Hello, I'm Duck.
Last time, I introduced how to represent signed numbers. This time it's about floating point numbers.
A floating point number is a number represented without a fixed decimal point. It can represent very large to very small numbers.
There are many ways to represent floating point numbers, but here we will deal with 32-bit single-precision floating point numbers conforming to the IEEE754 method.
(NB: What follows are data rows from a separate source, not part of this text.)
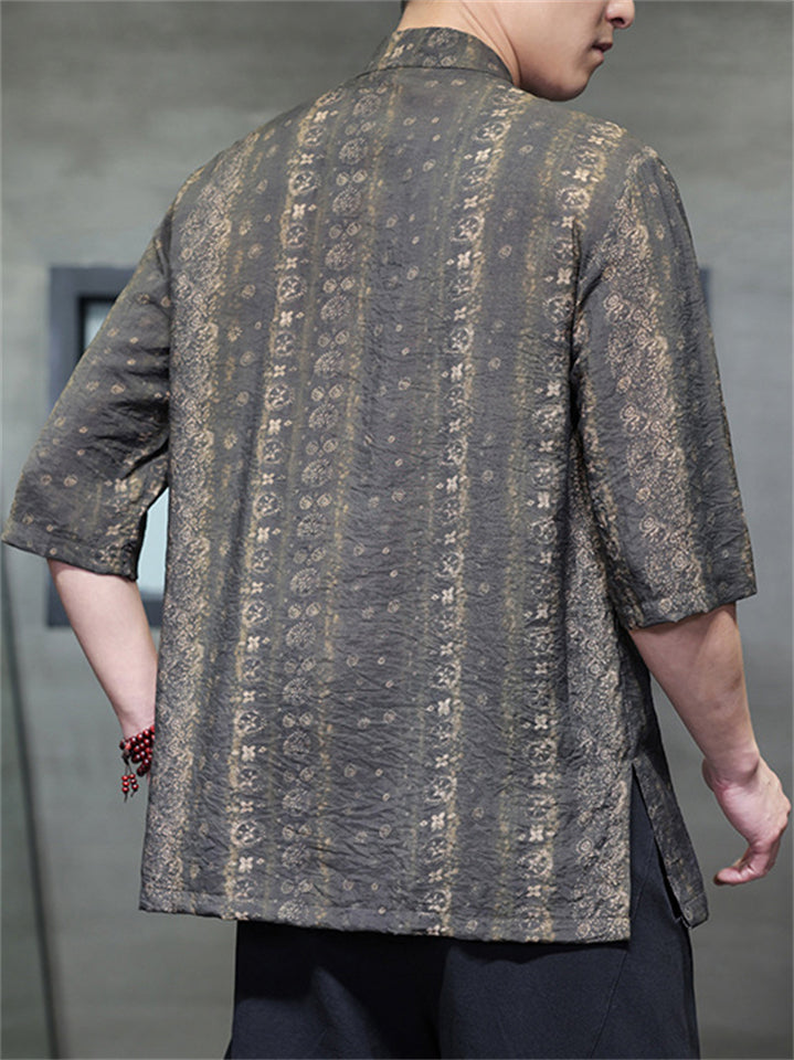 Men's Autumn Vintage Jacquard Stand Collar Long Sleeve Shirts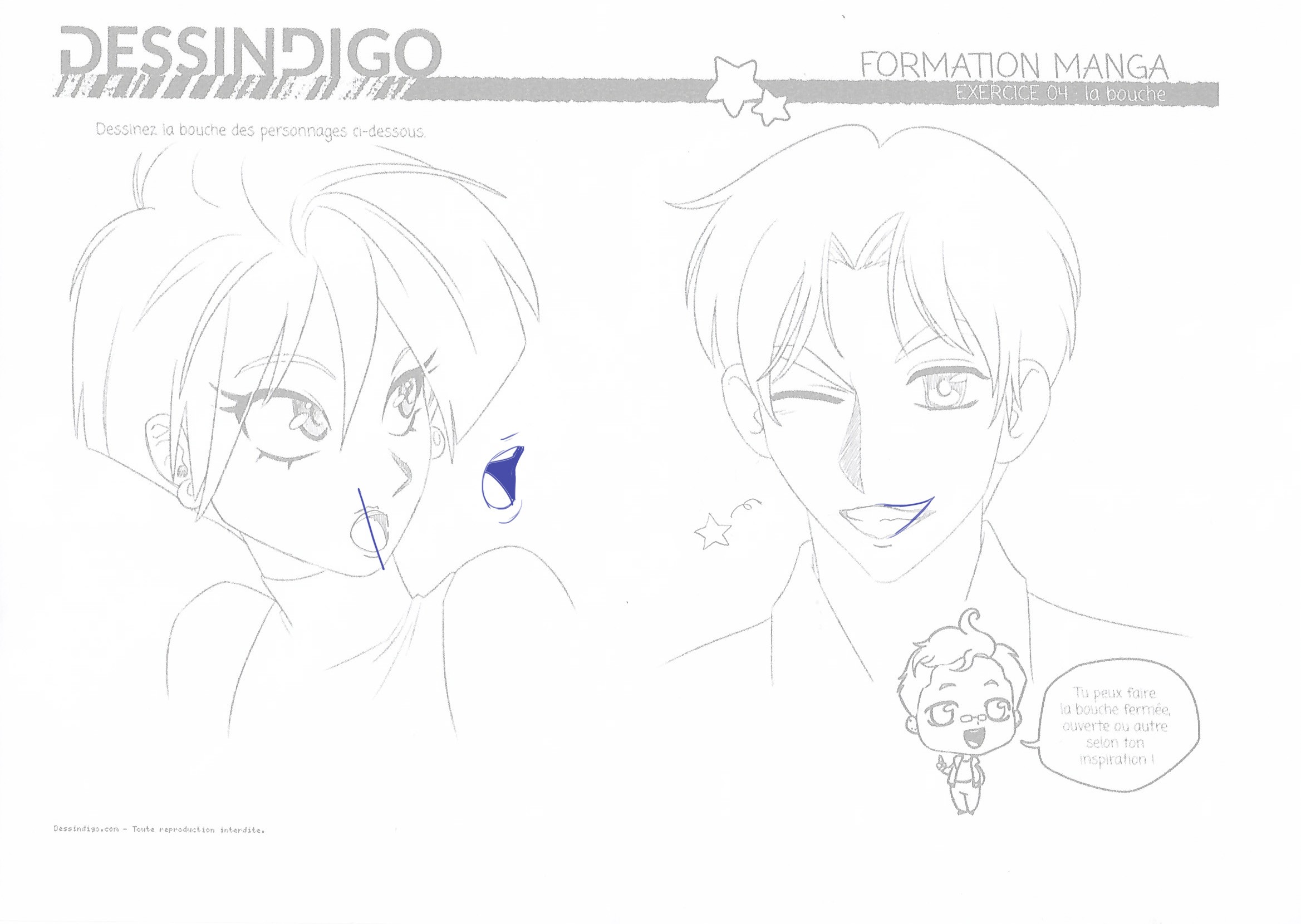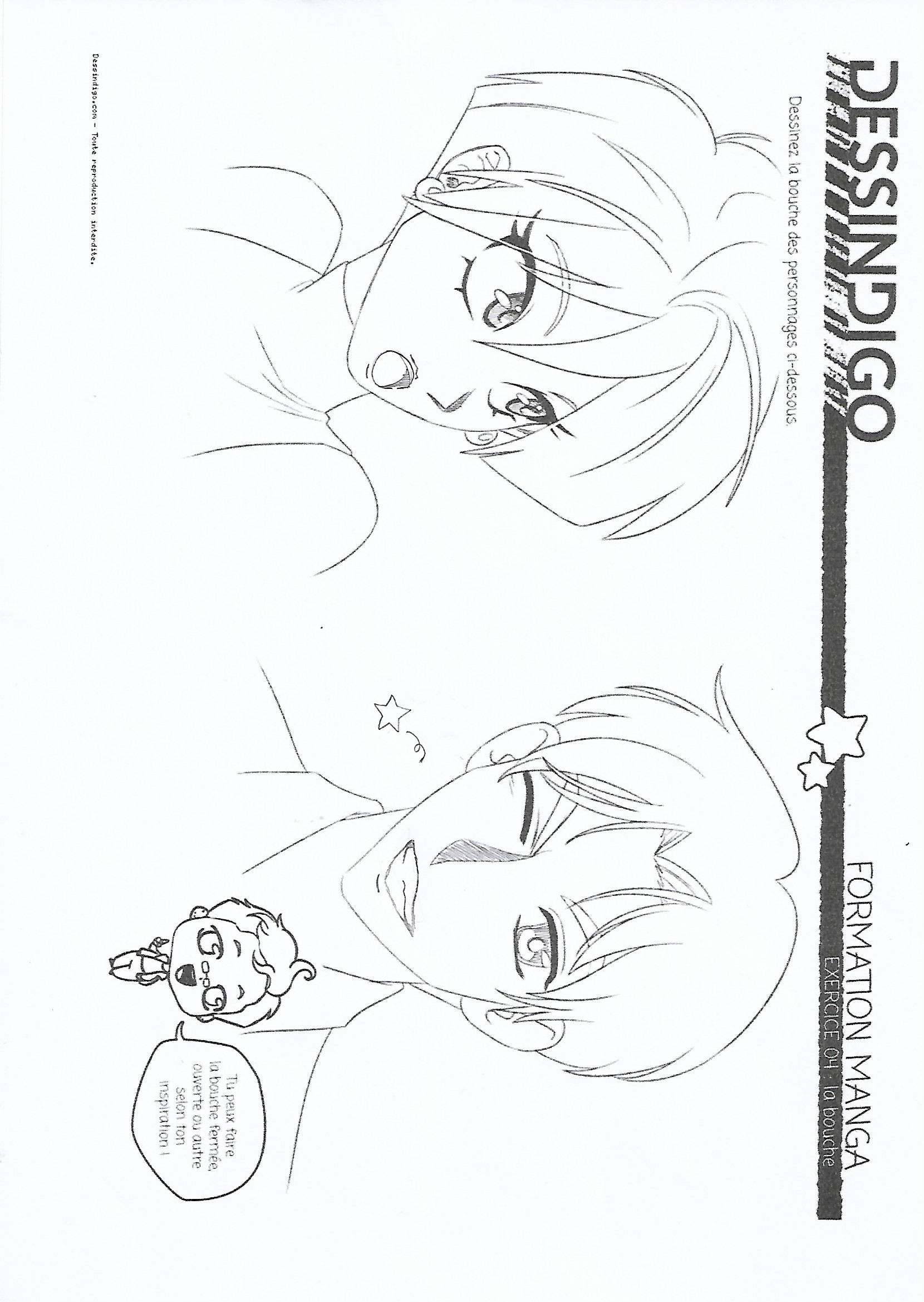 Du coup je te joins une petite correction rapide, attention à la construction du reste du visage aussi. Le placement des éléments, leur taille et leur style sont importants. C'est l'ensemble qui créera un visage manga. Par exemple sur le visage en bas à droite, les oreilles sont beaucoup, beaucoup trop hautes.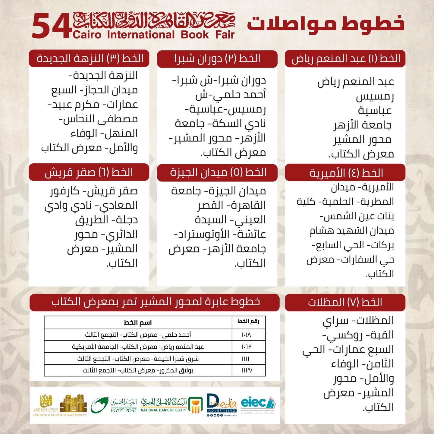 ميدان الجيزة – جامعة القاهرة – القصر العيني – السيدة عائشة – الأتوستراد – جامعة الأزهر – معرض الكتاب.
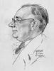 Man, ter halver lijve zittend en profil naar links. Hij leunt met zijn linkerarm op een tafel (?), in de hand heeft hij een penseel (?). Met de rechterhand tekent of schrijft hij.
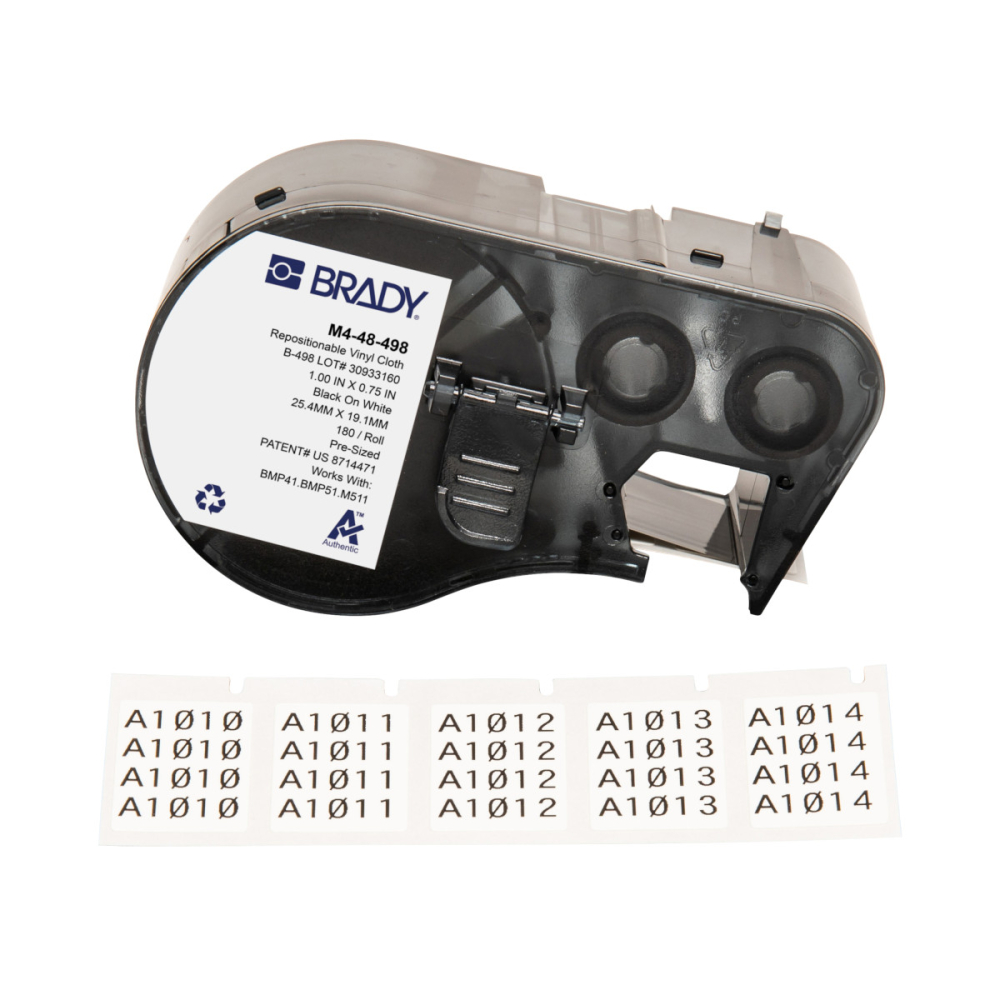 M4-48-498 | Halfglanzend Zwart op wit Vinylweefsel met afmeting: 25,40 mm (B) x 19,05 mm (H)
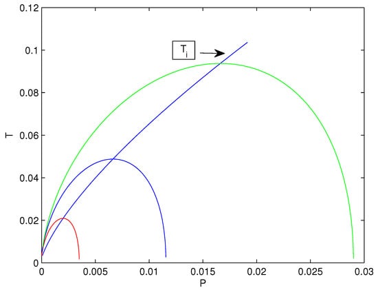 where . The discriminant of cubic Equation (38) is negative; therefore, Equation (38) possesses three real solutions—one is a positive physical solution and two are negative non-physical solutions: . The positive physical solution to Equation (38) is given by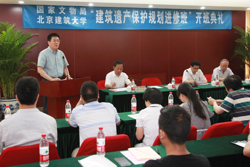 6月2日上午,国家文物局—bevictor1946韦德官网“建筑遗产保护规划进修班”开班仪式在学宜宾馆报告厅隆重举行。本期“建筑遗产保护规划进修班”是公司获批“国家文物局文博人才培养示范基地”后的第一期培训班,是公司发挥学科专业优势,积极服务国家建筑遗产保护领域特殊需求,大力培养建筑遗产保护专业人才的重要举措,也是公司与国家文物局第三次合作开班。国家文物局人事司司长解冰、专家培训处主任闫石,公司党委书记王建中、副董事长张大玉出席了开班仪式。开班仪式由副董事长张大玉主持。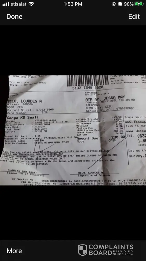 Lbc ndi man lang kumontak bago ibalik sa sender. Taga nueva ecija yung tao willing nman ipick up tas hindi na kayo makontak. Ilang araw lang pagitan ibabalik nyo agad sa sender?!'anong klase yan walang makausap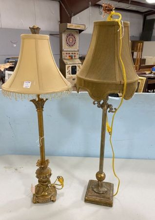 Two Gold Buffet Lamps, metal frames, different styles, with shades, 30"h. Two Gold Buffet Lamps, metal frames, different styles, with shades, 30"h.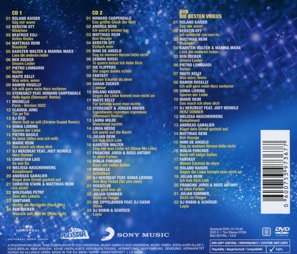 Disc 01 01. Kaiser, Roland "Sag mir wann" 02. Ott, Kerstin "M?dchen" 03. Egli, Beatrice "Volles Risiko" 04. Reim, Matthias "Blaulicht" 05. Walter, Karsten "Lass die anderen reden" 06. Zucker, Ben "Unsere Lieder" 07. Lombardi, Pietro "Vorbei" 08. Kelly, Maite "Was w?re, wenn" 09. Roselly, Ramon "Ich will gern mein Herz verlieren" 10. Stereoact "Hello Again (Stereoact #Remix)" 11. Michelle "Paris (Version 2022)" 12. Jung, Claudia "Tür an Tür (Radio Edit)" 13. DJ ?tzi "Wenn Gott so will (Xtreme Sound Remix)" 14. Liebing, Sonia "Spuren der Liebe" 15. Basile, Pietro "Va bene (Alles was ich will)" 16. Reim, Marie "Das mach ich ohne dich" 17. DJ Herzbeat "Herz Donner" 18. Lais, Christian "So wie Du" 19. Naschenweng, Melissa "Kompliment" 20. Roska, Mathias "Bügel dein Dirndl gscheit auf" 21. Stark, Christin "Ich nicht!" 22. Petry, Wolfgang "Sinn des Lebens" 23. Santiano "Nichts als Horizonte (Rock Mix)" 24. Zucker, Ben "Was ich will, bist du (Ohne dich)"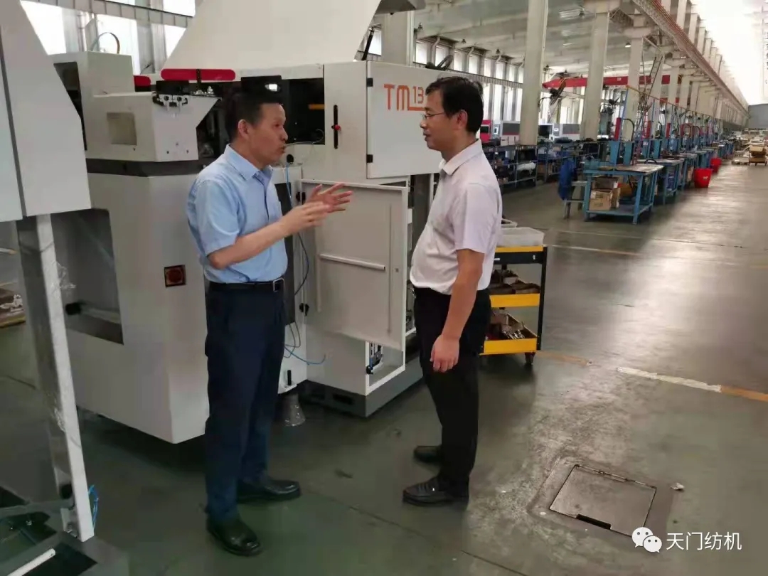 在公司董事長沈方勇的陪同下,夏局長一行到生產(chǎn)車間現(xiàn)場查看了生產(chǎn)制造情況,聽取了公司新開發(fā)的TM19、TM13產(chǎn)品介紹,了解了企業(yè)正在實(shí)施的“智慧工廠”項(xiàng)目。夏局長對天門紡機(jī)不斷加強(qiáng)新產(chǎn)品技術(shù)創(chuàng)新、推進(jìn)技術(shù)裝備改造升級給予了充分肯定。

This is what we mean when we simply refer to floating point in this article.
Floating point structure
Since the position of the decimal is not fixed, the representation is similar to the representation of the decimal exponent.
It is represented as follows.
Similarly, it is represented by this "sign", "mantissa", and "exponent" bits. Floating point divides 32 bits into 3 as follows:
Let's put the numbers in this diagram and see how each one is represented.
As an example, let's express -10.25 in bits.
How to represent the mantissa part
The mantissa is the part that represents the actual number. In binary numbers, increasing digits represent powers of 2, while decimal numbers represent powers of 0.5 (2 to the negative power) as decreasing digits.
Since we add 2 to the power of minus one at a time, we may not be able to express it exactly. In that case, it will be expressed by approximation with a close value.
Let's look at the case of -10.25. First of all, how do you express the 0.25 part after the decimal point?
The mantissa is the sum of the fractional part and the integer part. The integer part is 10, so you can easily convert it to binary. The conversion method that combines these is shown in the figure below.
Convert the integer and fractional parts to bits and combine them. Then move the decimal point so that the integer part is “1” and becomes a single digit.
Then the integer part will always be 1 as a bit. Therefore, 0100100… excluding the first 1 is the mantissa digit. The remaining digits are filled with 0.
When the place with the highest number of bits is filled, the goal is finally in sight. It will be a while after I come here.
How to find the exponent part
The exponent represents the number of decimal points moved, just like in decimal numbers. Since 3 digits were moved when obtaining the mantissa, the exponent is 3.
Therefore, we would like to set the exponent to 0000 0011, but it's not that simple. This exponent is represented as a number in offset binary format. The bias value is 127.
Therefore, the exponent is 1000 0010 by adding the bias value of 127 as shown in the figure below.
Now we can represent-10.25 in floating point.
As a supplement, I said in the explanation of the mantissa that the highest digit should be 1. But there is one exception. It's time 0. Therefore, when it is 0 exceptionally, all bits are 0 even in floating point.
I want to remember + α
With the contents of this time, we were able to represent positive numbers, negative numbers, decimals, and exponents. However, calculations using floating point numbers are complicated, such as aligning the decimal point position of each number and checking for overflow. Therefore, a dedicated arithmetic processing unit is often incorporated.
Furthermore, Altera® FPGAs incorporate digital processing (DSP) blocks, enabling floating-point arithmetic. Additionally, floating-point arithmetic is implemented in hardware in SoC devices and FPGAs from the Arria® V SoC, Cyclone® V SoC, and later.